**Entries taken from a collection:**
§

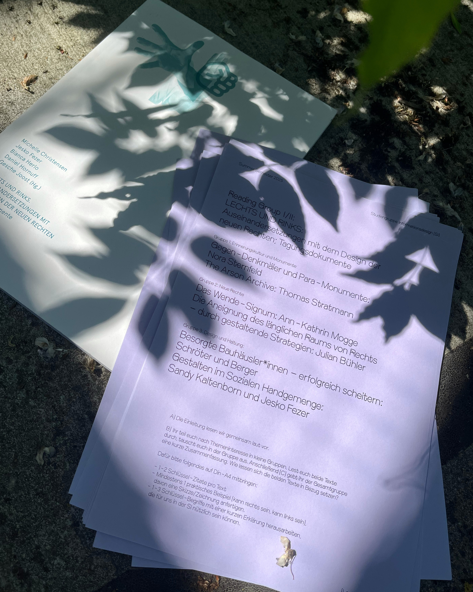 An zwei Terminen dieses Semester haben wir Texte aus der Publikation „LECHTS UND RINKS“ kollektiv gelesen. Die Texte wurden praxisbasiert besprochen. Wir beschäftigten uns mit Erfahrungen und Fragen, die sich auf unsere eigene Designpraxis und Referenzprojekte beziehen. Die Reading Group war dieses Semester sowohl für die Master-Studierenden, als auch für die Bachelor-Studierenden und Gäste ausgelegt.
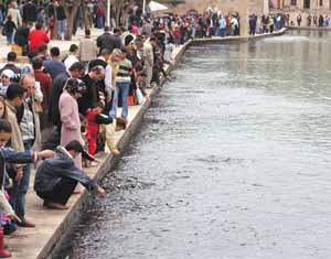 Ziyarete gelenler göldeki balıklara elleriyle yem verirken, ilginç görüntüler oluştu. Şanlıurfa’ya Ramazan Bayramı’nda gelen yerli ve yabancı turistlerin en büyük ilgi gösterdiği mekanlardan birisi olan Balıklıgöl’e gelen ziyaretçiler, kutsal sayılan balıklara yem attılar
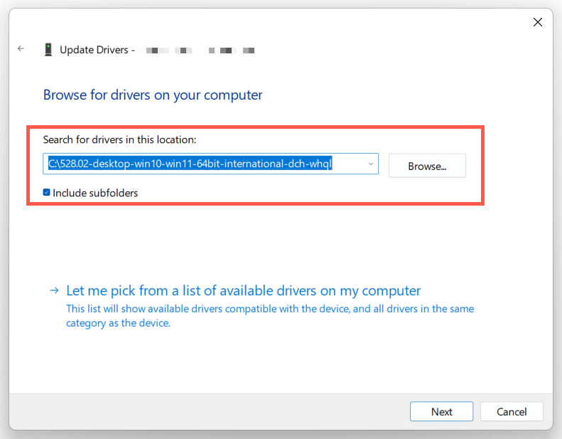 - Check the box next to Include subfolders. Then, choose the Browse button and select the extracted NVIDIA folder on your computer.
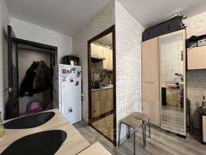 Продается уютная студия с отдельно прихожей и кухонной зоной в мкр Озерки. О доме и месторасположении Квартира расположена в панельном доме 2016 года постройки. Дом находится в новом, динамично развивающемся микрорайоне Озерки. В пешей доступности есть все необходимое для комфортной жизни: продуктовые магазины (Пятерочка и Вьюрок), Магнит-косметик, а также разнообразные специализированные магазины, в трех минутах ходьбы остановки общественного транспорта, для семей с детьми — несколько детских игровых площадок и новый детский сад, для владельцев машин во дворе своя парковка с большим количеством парковочных мест. Хорошая транспортная доступность: на машине до центра города можно доехать за 15-20 минут, до площади Авитек еще быстрее. Хорошая управляющая компания, что обеспечивает низкие коммунальные платежи и ухоженные места общего пользования и придомовой территории. О квартире Планировка квартиры очень функциональная, в которую входит отгороженная зона кухни, обеденная зона и гостиная с выходом на просторную лоджию, совмещенный санузел, а также прихожая с встроенным шкафом-купе (планировка ''буквой Г''). Состояние хорошее, на полу в прихожей и зоне кухни керамогранит, в комнате ламинат, в санузле кафель, окно пластиковое, установлена металлическая входная дверь, лоджия застеклена пластиковыми стеклопакетами. Квартира расположена на среднем восьмом этаже, теплая, окна выходят на юго-запад. При продаже в квартире остается шкаф в прихожей, встроенный кухонный гарнитур, варочная панель, вытяжка, стенка-горка со шкафом в комнате. По документам Один взрослый собственник. Если у вас остались вопросы или вы хотите организовать просмотр, звоните.
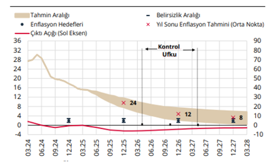 TCMB’nin bugün yayımlananı Enflasyon Raporuna göre 2025 yılsonu enflasyon tahmini %24 olarak korunurken, tahmin aralığı da ±5 puan aralığında sabit tutulmuştur.

§

**Work instruction:** Look back at the data above, then output exactly the lines from the line holding "Ziyarete gelenler göldeki" up to and including the line holding "- Check the". Leave out the pictures.

**Exercise output:**
 Ziyarete gelenler göldeki balıklara elleriyle yem verirken, ilginç görüntüler oluştu. Şanlıurfa’ya Ramazan Bayramı’nda gelen yerli ve yabancı turistlerin en büyük ilgi gösterdiği mekanlardan birisi olan Balıklıgöl’e gelen ziyaretçiler, kutsal sayılan balıklara yem attılar
 - Check the box next to Include subfolders. Then, choose the Browse button and select the extracted NVIDIA folder on your computer.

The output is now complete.